Real Estate News
CoreLogic reported that national home price growth slowed to just 2% year over year in April, but gains (and losses) varied locally.
- While home prices have seen limited growth recent months, CoreLogic researchers predict they’ll return to 4% later this year.
- Miami was by far the biggest winner, with home values up by more than 13% annually.
- While Florida has fared well over the past few years, several metros in the state were categorized as being at-risk for price declines.

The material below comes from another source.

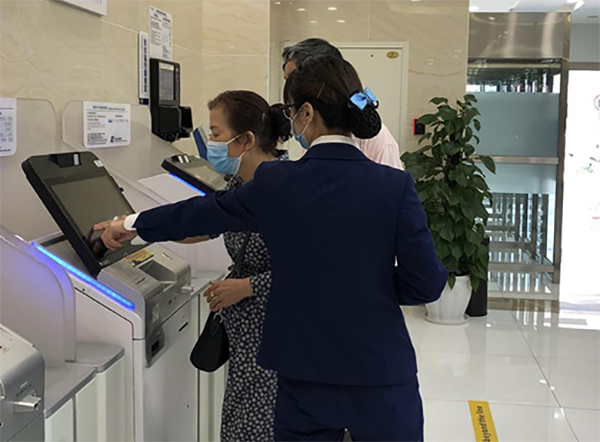 指導(dǎo)老年人在自助機(jī)具上辦理業(yè)務(wù)。交行重慶市分行供圖

Like “The Little Engine that Could,” the housing market is slowly pushing forward in spite of the forces working against it, and may even start to gain momentum later this year.
According to CoreLogic, home values continue to appreciate, though very modestly. The company has updated its proprietary Home Price Index for the month of April and reported that national single-family home price growth was up just 2% year-over-year — the lowest level since 2012 — and 1.2% month-over-month.
While any increase is likely to be welcomed by existing homeowners, CoreLogic researchers noted that April’s increase is the sixth straight month of single-digit gains. And it’s certainly a far cry from the nearly 20% annual home price appreciation that CoreLogic recorded in the spring of 2022.
Growth could pick up by the end of the year
Among the factors suppressing home price appreciation, as many experts have noted in recent months, are elevated borrowing costs and low inventory levels, said CoreLogic Chief Economist Selma Hepp. And if the Fed isn’t done with rate hikes, the short-term outlook on the market could be more of the same.
“The recent surge in mortgage rates and continued inflation issues suggest that rates may remain elevated, leading home price appreciation to possibly relax this summer and return to average seasonal gains later in 2023,” she said.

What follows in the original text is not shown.